IoT will affect everything says Gartner Group: get ready for the programmable economy
By Ian Scales
Oct 9, 2015
Gartner Group has been doing what it does best, which is looking ahead to provide some handy conceptual handles for ‘strategy’ and ‘marketing’ to use when it wants to come across as forward-thinking and on-the-ball.
So it’s come up with the ‘programmable economy’ (first coined a year or so go) and the “autonomous business” to add to the lexicon: the first being made up from many examples of the second.
Together they create shock view of what might happen if, as currently expected, networks become pervasive and Internet of Things/M2M populates just about everything. Then we end up with a mind-bending sci-fi sort of business and industrial environment where the machines have almost taken over, not only to drive our cars but also to drive our thinking about how we should drive our cars.
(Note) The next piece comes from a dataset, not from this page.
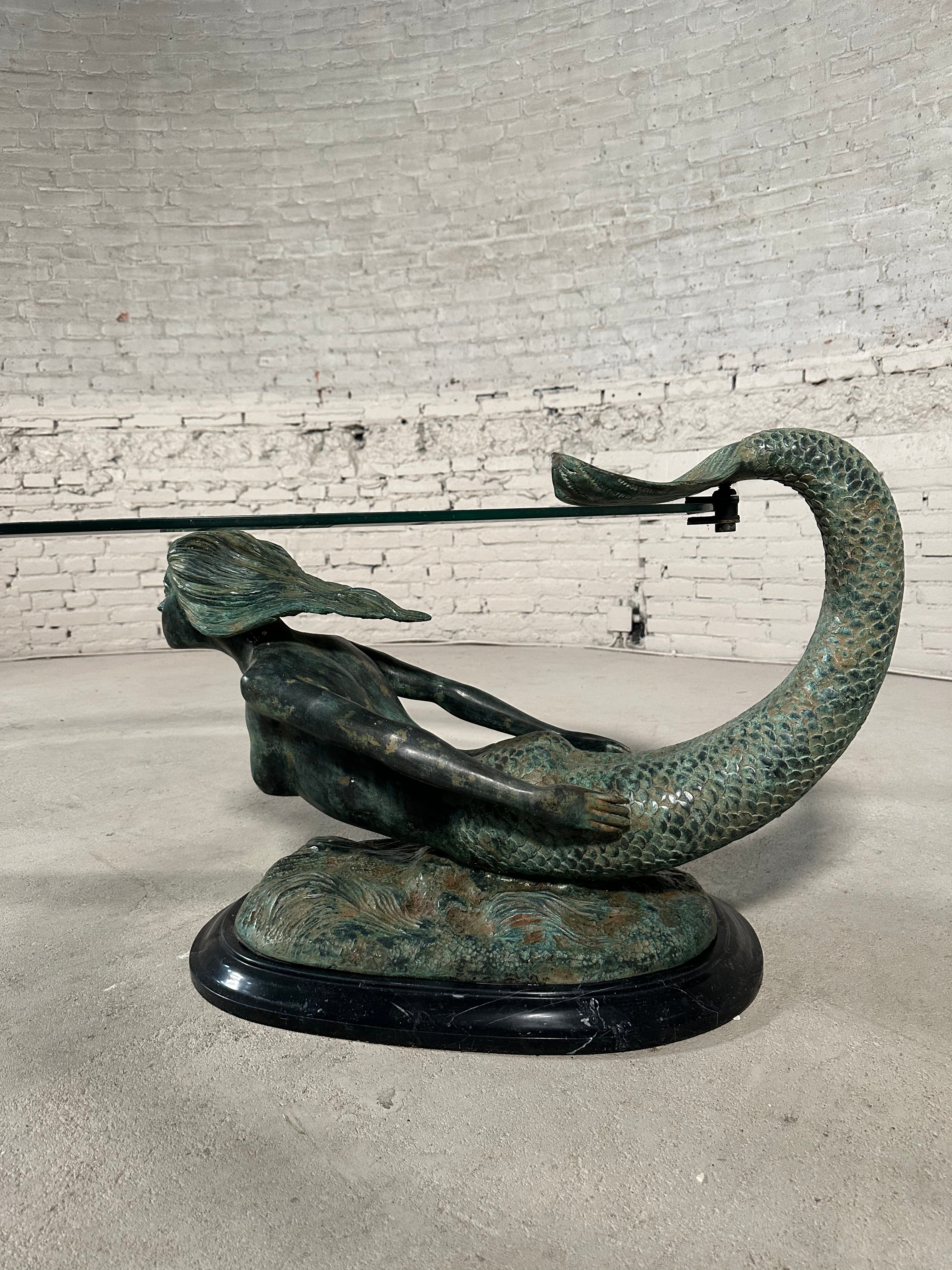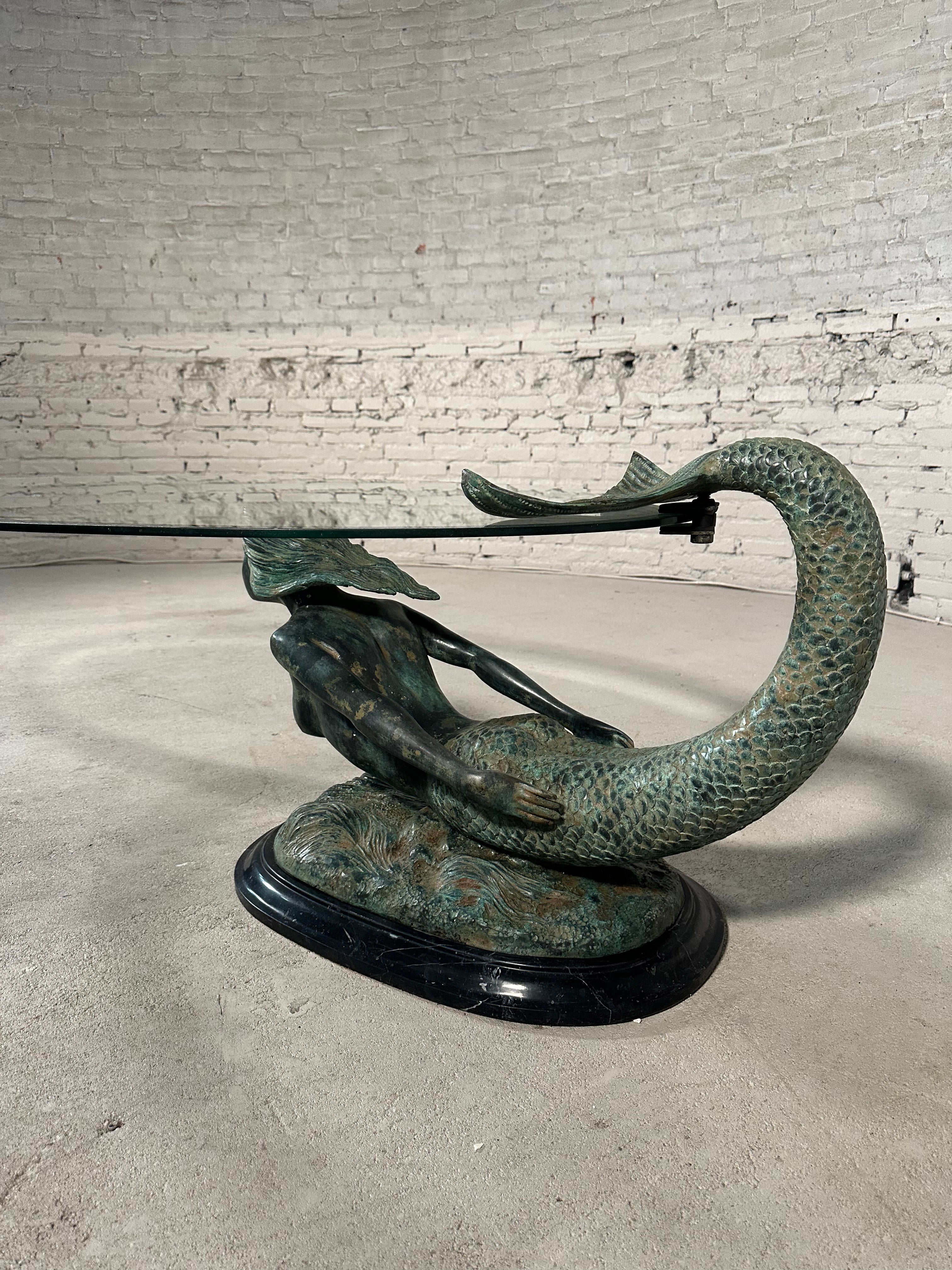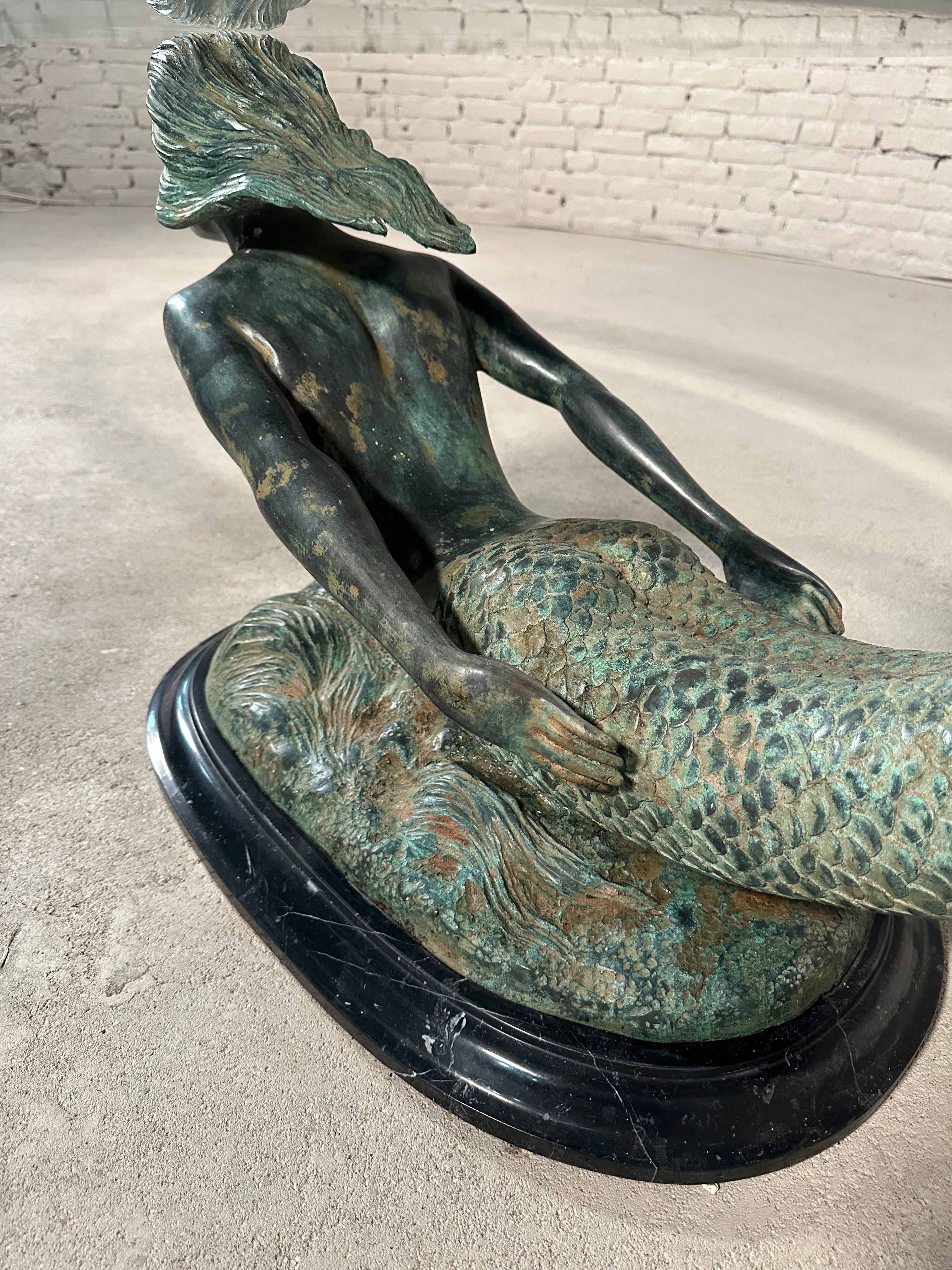 This elegant coffee table features a faceted glass plate resting upon a sturdy mermaid bronze chassis with a stunning green patina. A massive marble plateau serves as the base for the mermaid sculpture. The glass and bronze components can be easily separated if desired.

The vision is part of what Gartner calls its “Maverick research findings” and they’re being presented at the Gartner Symposium/ITxpo.
Gartner says we’re all looking at a “far-reaching technology-driven transformation” with a "programmable economy" poised to upset traditional concepts of value exchange (unless the global economy gets over-excited on the way and crashes of course, always a possibility… Ed).
So Gartner wants to have a crack at ‘getting ahead of the curve’ with its Maverick research to “deliver breakthrough, innovative and disruptive ideas to help organizations get ahead of the mainstream and take advantage of trends and insights that could impact IT strategy and the wider organization.”
According to David Furlonger, vice president and Gartner Fellow, "As the move toward digital business gathers momentum, we can already see the emergence of the next phase — autonomous business.” But the problem, Furlonger says, is that these concepts rely on 20th century economic models. Gartner anticipates that beyond autonomous business lies an era of more radical technology-enabled transformation that will eventually have an impact equivalent to that of the Internet. What’s envisaged is a natively "smart" economic system that supports and/or manages the production and consumption of goods and services, enabling diverse scenarios of exchange of value — both monetary and non-monetary.
"In the Internet of Things, 'things' are becoming smarter, more connected and more relied upon to augment everyone's life. However, there is a critical missing component to the IoT, and that is monetization," says Furlonger. "Success or failure with IoT will only be achieved via the development of a new economic platform and monetary operating model. Monetized 'things' will therefore redefine the economy."
The programmable economy, enabled by metacoin platforms and smart technologies, will support new forms of value exchange, new kinds of markets (including dynamically defined on-demand markets), and new kinds of economies such as the attention economy, the reputation economy, the on-demand economy and the resource optimization economy.
It’s a scenario that has huge implications for just about everything and clearly needs lots of thought and consideration in the run-up. At the moment, as an industry we tend to brood myopically over IoT radio standards, business models, home automation, gadgets and big data collection. In the words of Chief Brody in the film Jaws, “We're Gonna Need a Bigger Boat”.